The book does cover a lot of basic Javascript material, as its target is actual natural scientists who may not have much experience with the language, but towards the end it does cover things like Data-Forge (which is a data science library in Javascript)
The title is „JavaScript for Data Science“, not „Data Science for JavaScript“. It’s like... in a bar: they will serve a beer for you, so they have the beer and you have you. For a book called „JS for DS“, you should have the the DS while they bring the JS.

Compare this with: „Data wrangling with JavaScript“ [1]

[1] https://www.amazon.de/Data-Wrangling-JavaScript-Ashley-Davis...

Well the problem with “data science” is that it costs a shit ton of money but rarely integrates into anything. A book about wiring data science models into real user facing application maybe isn’t data science, but sure is useful...
I'm glad more people are doing DS/ML/AI with JavaScript, thanks for this book and keep up the great work! -- We are also working in this space, would love to connect, you can find me in javier at hal9.ai
I assume it’s aimed at data scientists who want to learn Javascript? No point teaching DS concepts here.

A better name would be “JS for data scientists

Presumably that's why the "JavaScript for" prefix precedes it?
I don’t want to repeat the old and tired JavaScript hate, but this just isn’t a great idea.

I’d suggest that there are 3 important primitives for data science: flexible numeric types, fast math/algorithm libraries, and data manipulation being easy.

JavaScript doesn’t really have any of these.

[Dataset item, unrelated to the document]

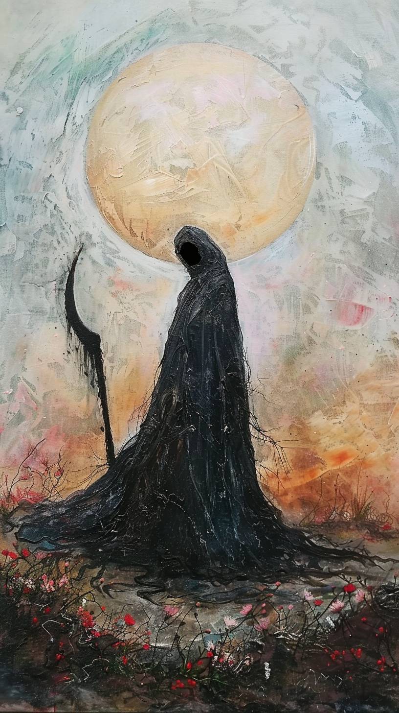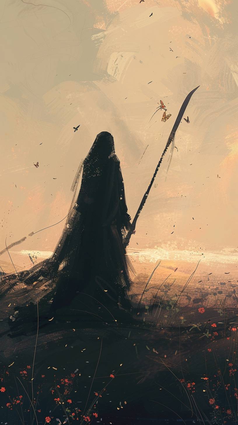 一幅极简主义画作,描绘了一位身披黑袍、手握镰刀的宁静而强大的身影,象征着生命与死亡的循环。

Numbers are 64bit floats only - no integers, no big numbers. There aren’t equivalents to Numpy/Pandas/Scikit Learn, and the lack of standard library and expressiveness in data manipulation in the language makes basic tasks harder.

JavaScript has its uses, but there’s really no reason to force data science be one of them.

JavaScript has plenty of libraries covering the basics. Here a few:

https://github.com/nicolaspanel/numjs

https://www.npmjs.com/package/fast-math

https://smartbear.com/de/blog/2013/four-serious-math-librari...

That's not the problem. The problem is mindshare and network effects. When analyzing why Python is used one way and JS another we're tempted to retroactively rationalize this with something fundamental about the language. There's nothing fundamental about it. It's just happenstance. Python was around longer as a general purpose script, and it filled that niche. JS is relatively new as a script outside the browser.

The first repo has one core contribitor who hasn't been active since June 2018.

https://github.com/nicolaspanel/numjs/graphs/contributors

I sincerely believe it is possible for JavaScript to be a viable language ecosystem, but there is dire need for cohesion, collaboration, and longevity. As it stands, there are so many potentially viable projects strewn across the NPM landscape like old, discarded toys.

I'm not aware of an initiative, let alone ethos, in the JS community that comes anywhere close to something like NumFocus.

https://numfocus.org/

It is worth mentioning the Danfo project from a sibling comment: https://danfo.jsdata.org/
You can get a long way nowadays with Arquero[0] and Observable[1]. Arquero allows columnar based data storage and processing, with a grammar of data processing verbs similar to e.g. dplyr. Not as fast as vectorized computations in e.g. Python or R, but faster than has previously been possible.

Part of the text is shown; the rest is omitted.